Everything in the records below goes into the copy exactly, except the pictures.

_DATASET EXTRACT:_
########################################

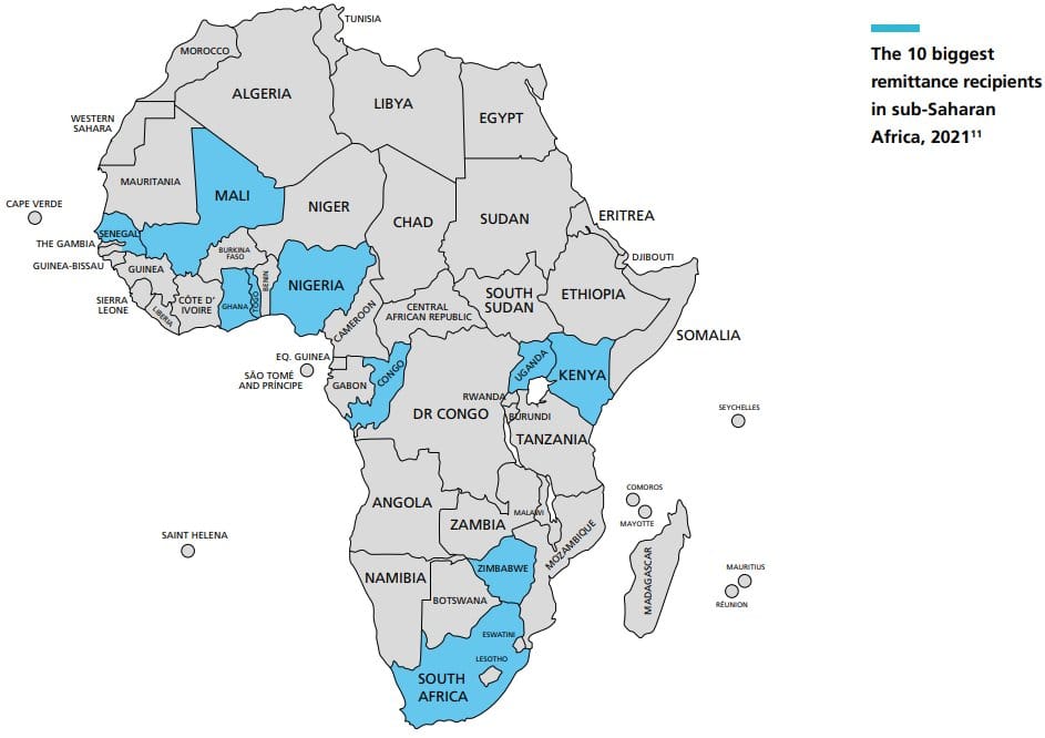 The biggest 10 remittance recipients in Sub-saharan Africa
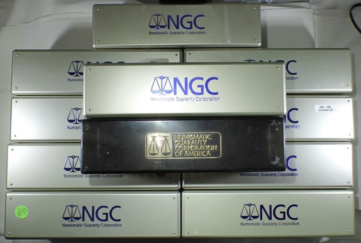 EMPTY NGC 20-COIN SLAB STORAGE BOXES. (10) SILVER, (1) TRANSPARENT BLACK
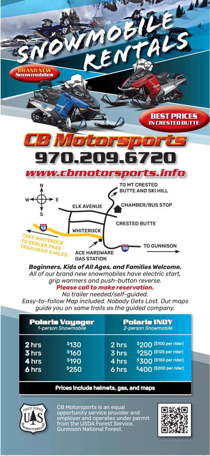 2-3-4 and 6 hour self guided tours (see flyer below) in the Kebler Pass area. Beginners and families welcome. All snowmobiles have electric start, grip warmers and push button reverse.
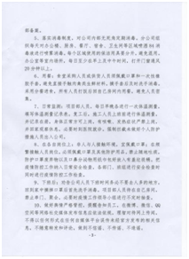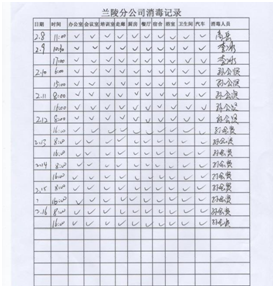配合当地政府体温监测 落实措施,扎实开展防控工作。分公司设立疫情防控点,配备防护口罩、手套、防护镜、体温计及测温枪、酒精、84消毒液、喷雾器等防护物资。严格控制返程人员,对居住或经过疫情防控重点区域人员,要求暂不返回项目部,居家隔离自我观察;要求返回项目部人员,返程路上严格落实个人防控措施,制定记录表,对返回人员严格检查、登记;返回项目部后,在项目部内自行隔离14天,每天早晚测量体温并做好记录。    返程人员登记 每日体温监测 集中开展项目部卫生消毒工作。分公司通过多种渠道,购进酒精、84消毒液等药品,每天上午下午各进行一次集中消毒工作,办公室、会议室、厨房、餐厅、宿舍、卫生间、走廊、院内边边角角,全面消杀。  项目部消毒 消毒记录
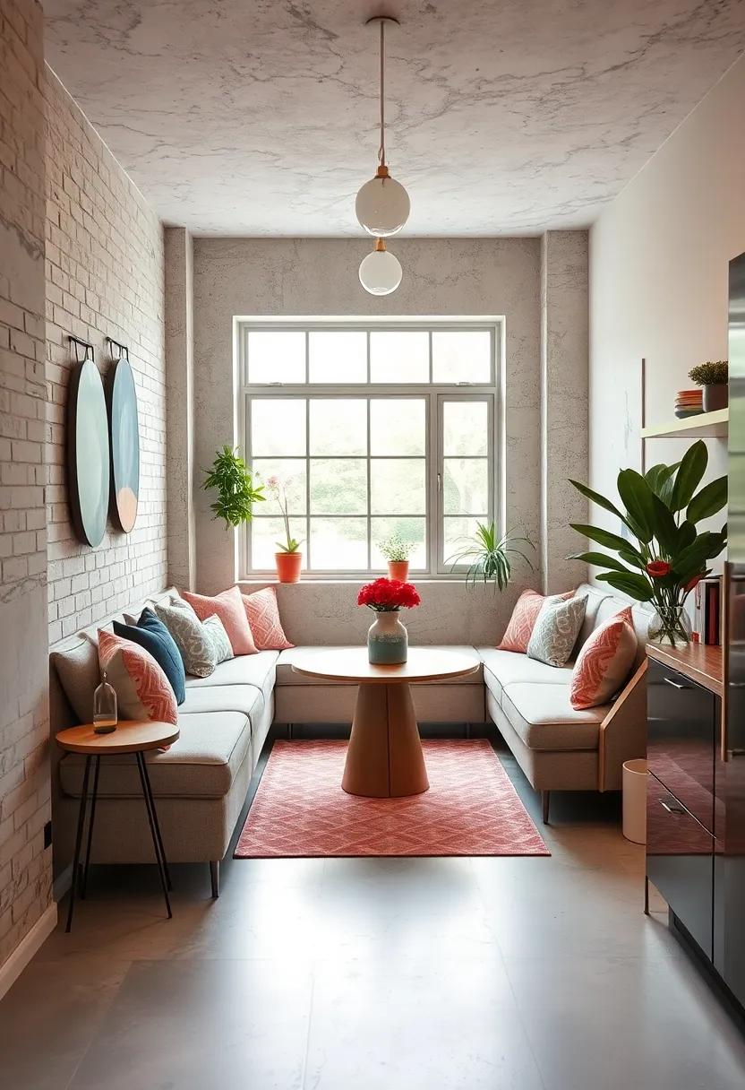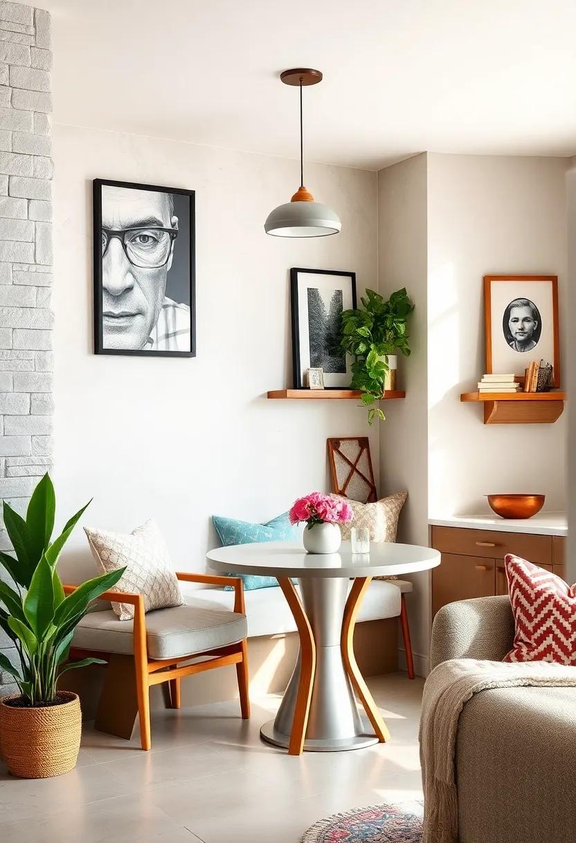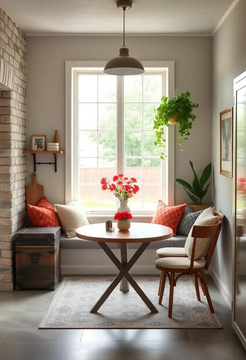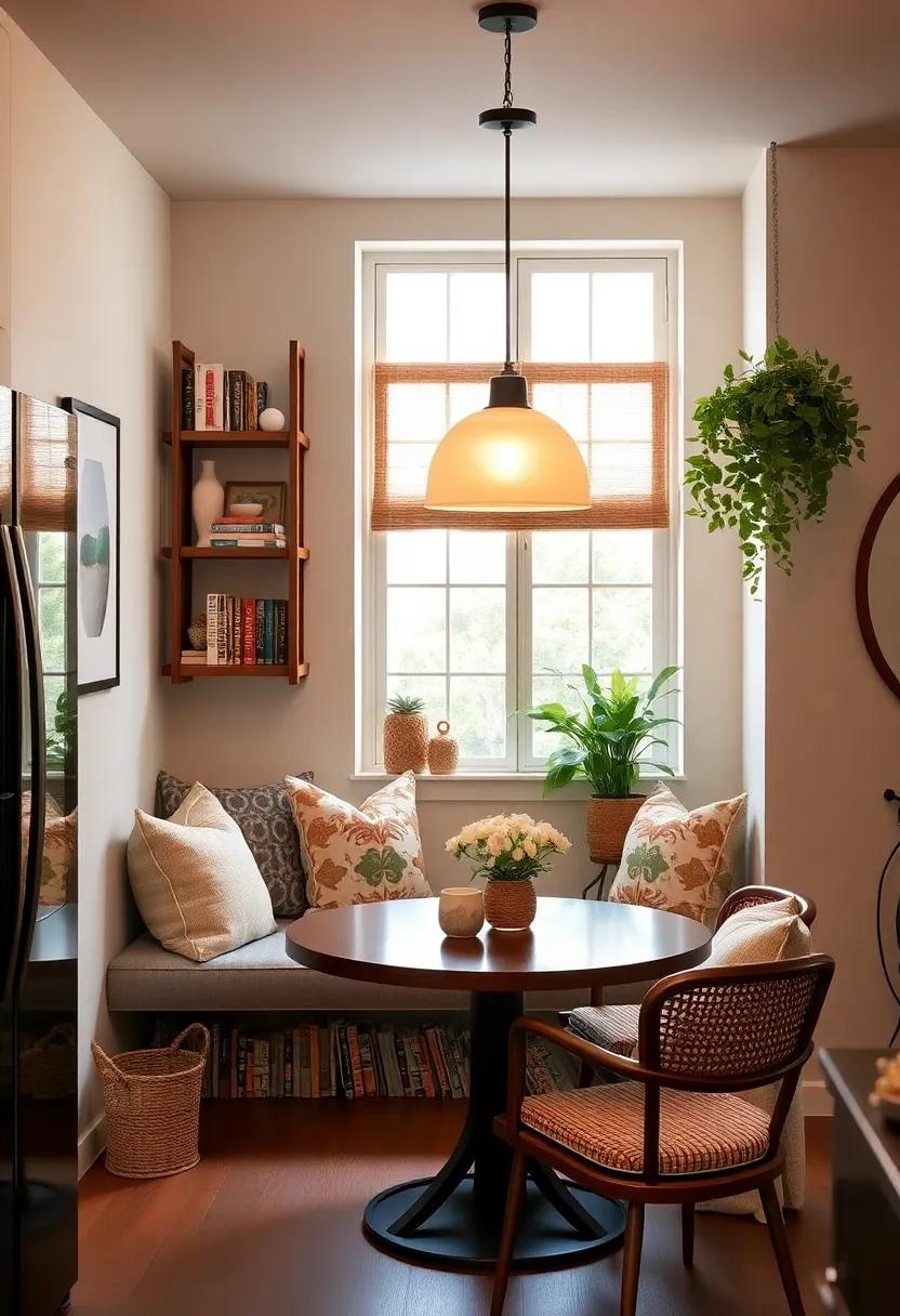 By harmonizing these elements, you can create an intimate dining area that feels spacious and stylish. Enhance your nook with subtle lighting, such as a statement pendant lamp, to draw attention to the round table while keeping the ambiance cozy and inviting.
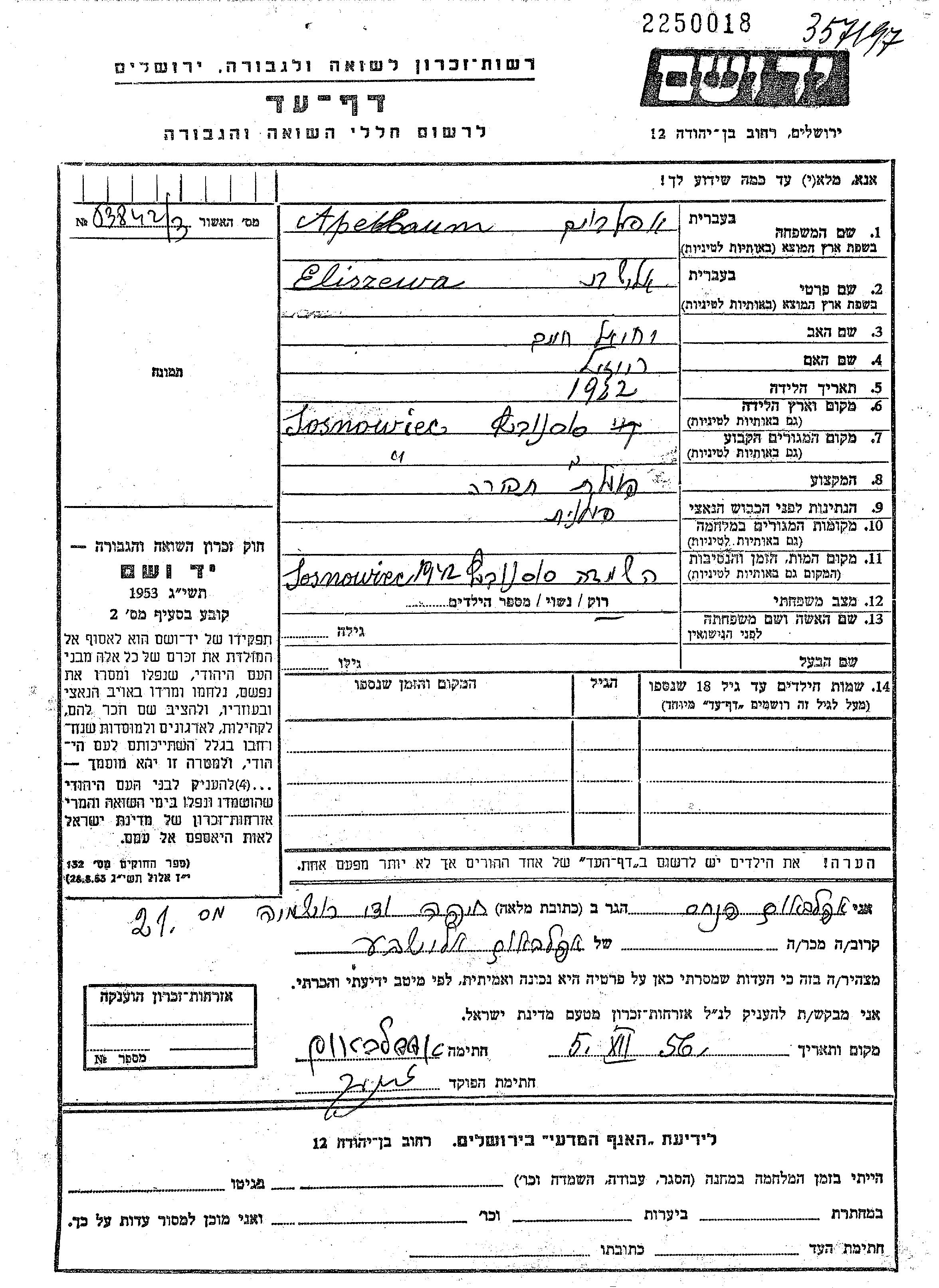 Eliszewa Apelbaum wurde im Jahr 1922 in Sosnowiec, Polen geboren. Sie war die Tochter von Ichyel Chaim und Rajzel, geb. Skorka. Sie war Schneiderin und Ledig. Vor dem Zweiten Weltkrieg lebte sie in Sosnowiec, Polen. Während des Krieges war sie in Polen.

########################################

_WRITTEN ANSWER:_
 The biggest 10 remittance recipients in Sub-saharan Africa
 EMPTY NGC 20-COIN SLAB STORAGE BOXES. (10) SILVER, (1) TRANSPARENT BLACK
 2-3-4 and 6 hour self guided tours (see flyer below) in the Kebler Pass area. Beginners and families welcome. All snowmobiles have electric start, grip warmers and push button reverse.
配合当地政府体温监测 落实措施,扎实开展防控工作。分公司设立疫情防控点,配备防护口罩、手套、防护镜、体温计及测温枪、酒精、84消毒液、喷雾器等防护物资。严格控制返程人员,对居住或经过疫情防控重点区域人员,要求暂不返回项目部,居家隔离自我观察;要求返回项目部人员,返程路上严格落实个人防控措施,制定记录表,对返回人员严格检查、登记;返回项目部后,在项目部内自行隔离14天,每天早晚测量体温并做好记录。    返程人员登记 每日体温监测 集中开展项目部卫生消毒工作。分公司通过多种渠道,购进酒精、84消毒液等药品,每天上午下午各进行一次集中消毒工作,办公室、会议室、厨房、餐厅、宿舍、卫生间、走廊、院内边边角角,全面消杀。  项目部消毒 消毒记录
 By harmonizing these elements, you can create an intimate dining area that feels spacious and stylish. Enhance your nook with subtle lighting, such as a statement pendant lamp, to draw attention to the round table while keeping the ambiance cozy and inviting.
 Eliszewa Apelbaum wurde im Jahr 1922 in Sosnowiec, Polen geboren. Sie war die Tochter von Ichyel Chaim und Rajzel, geb. Skorka. Sie war Schneiderin und Ledig. Vor dem Zweiten Weltkrieg lebte sie in Sosnowiec, Polen. Während des Krieges war sie in Polen.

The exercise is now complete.